__The task__: Do not include the pictures; repeat the rest of the data exactly.

__The data__:
====
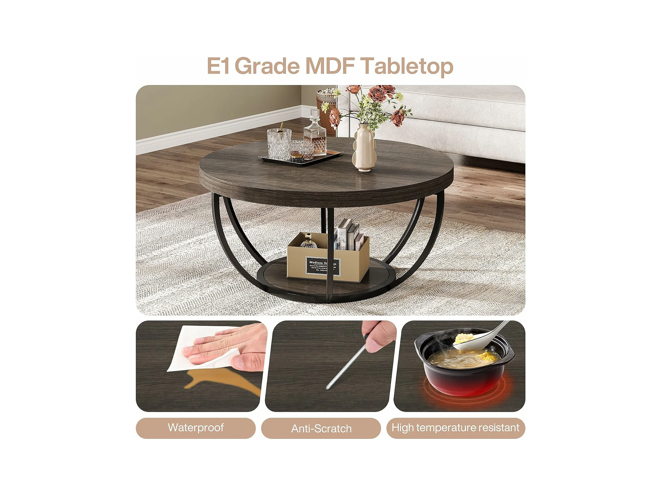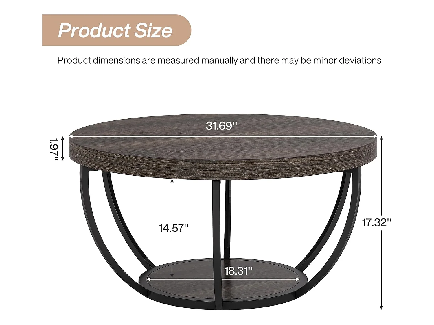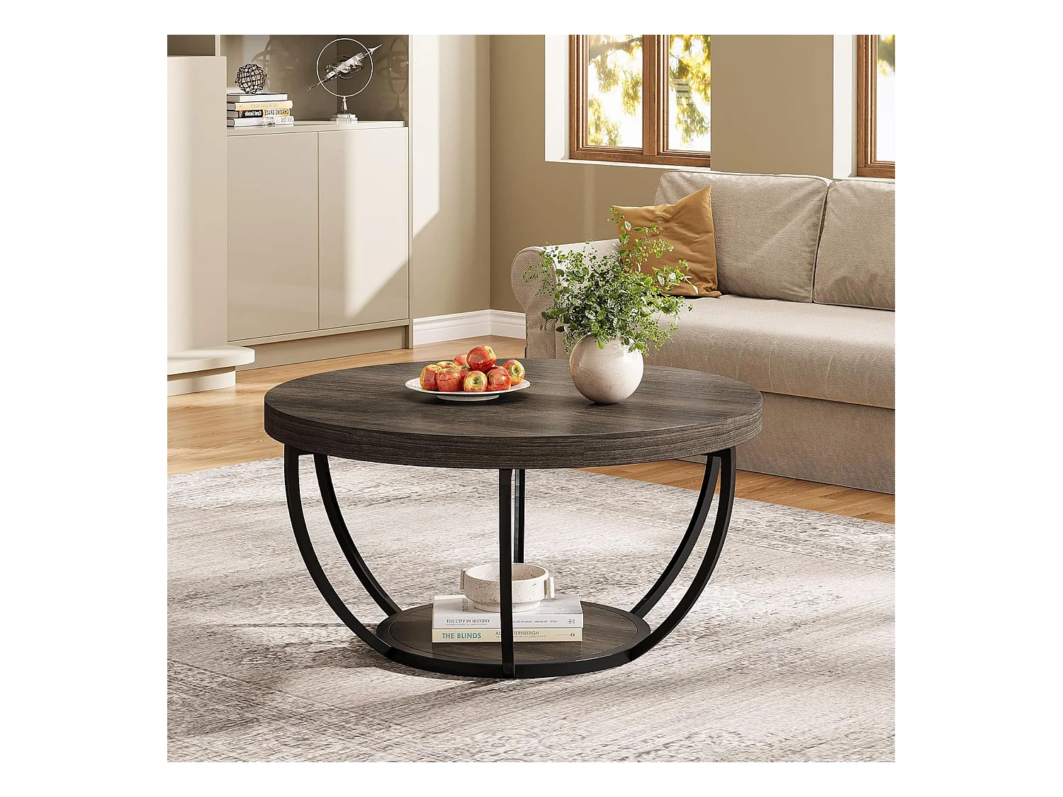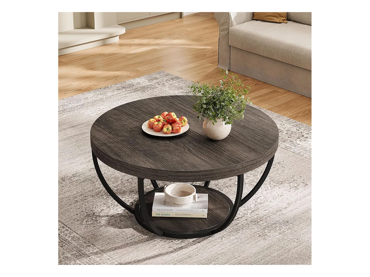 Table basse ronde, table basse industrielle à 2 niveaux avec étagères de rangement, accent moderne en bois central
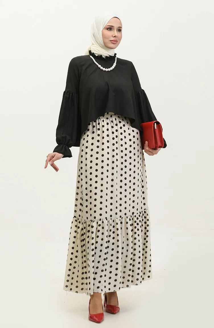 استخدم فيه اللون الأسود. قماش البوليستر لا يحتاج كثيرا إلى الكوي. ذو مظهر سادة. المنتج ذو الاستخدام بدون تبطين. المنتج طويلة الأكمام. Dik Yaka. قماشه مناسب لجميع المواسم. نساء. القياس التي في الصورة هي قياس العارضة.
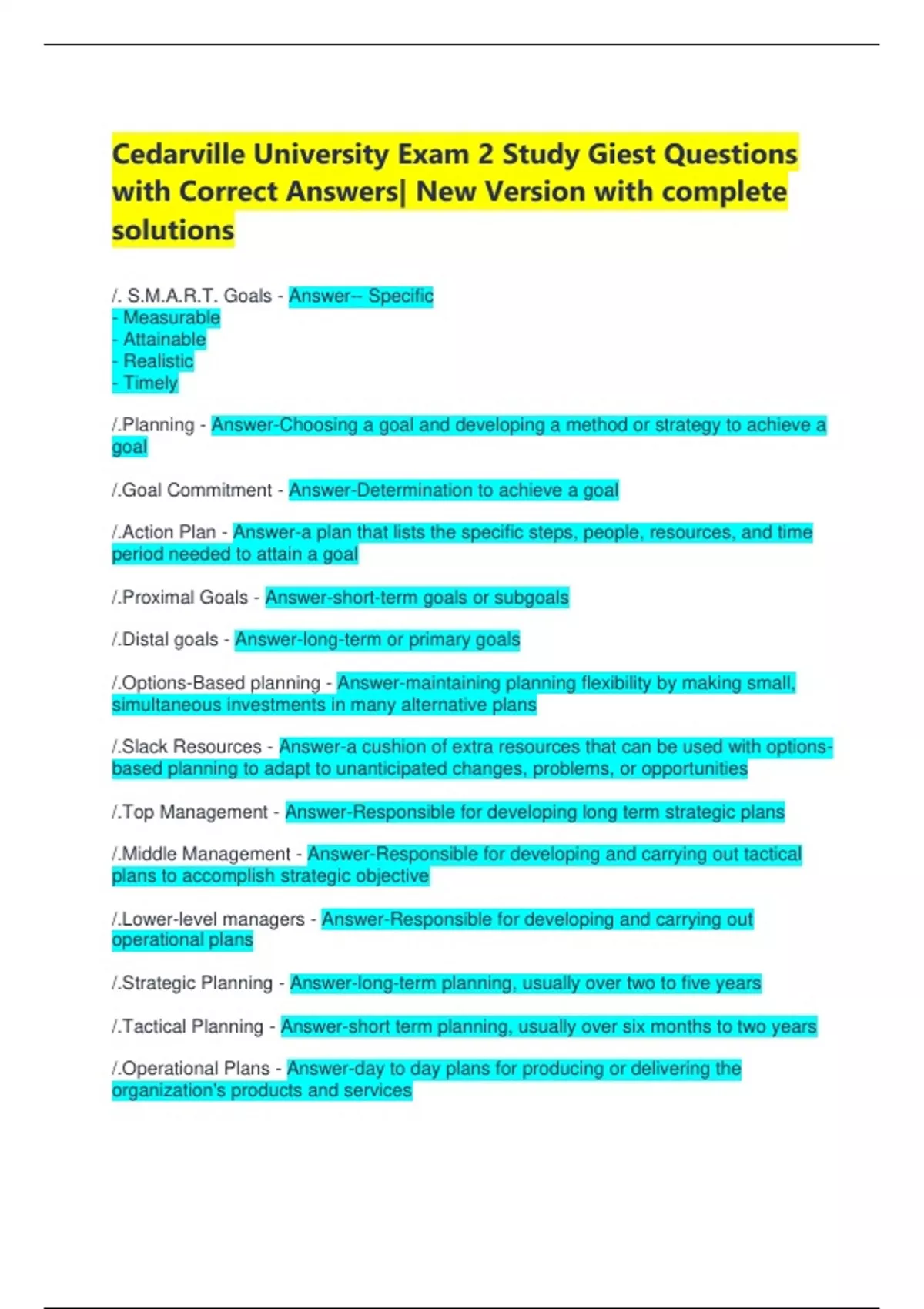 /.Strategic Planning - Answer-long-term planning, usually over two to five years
====
__Solution__:
 Table basse ronde, table basse industrielle à 2 niveaux avec étagères de rangement, accent moderne en bois central
 استخدم فيه اللون الأسود. قماش البوليستر لا يحتاج كثيرا إلى الكوي. ذو مظهر سادة. المنتج ذو الاستخدام بدون تبطين. المنتج طويلة الأكمام. Dik Yaka. قماشه مناسب لجميع المواسم. نساء. القياس التي في الصورة هي قياس العارضة.
 /.Strategic Planning - Answer-long-term planning, usually over two to five years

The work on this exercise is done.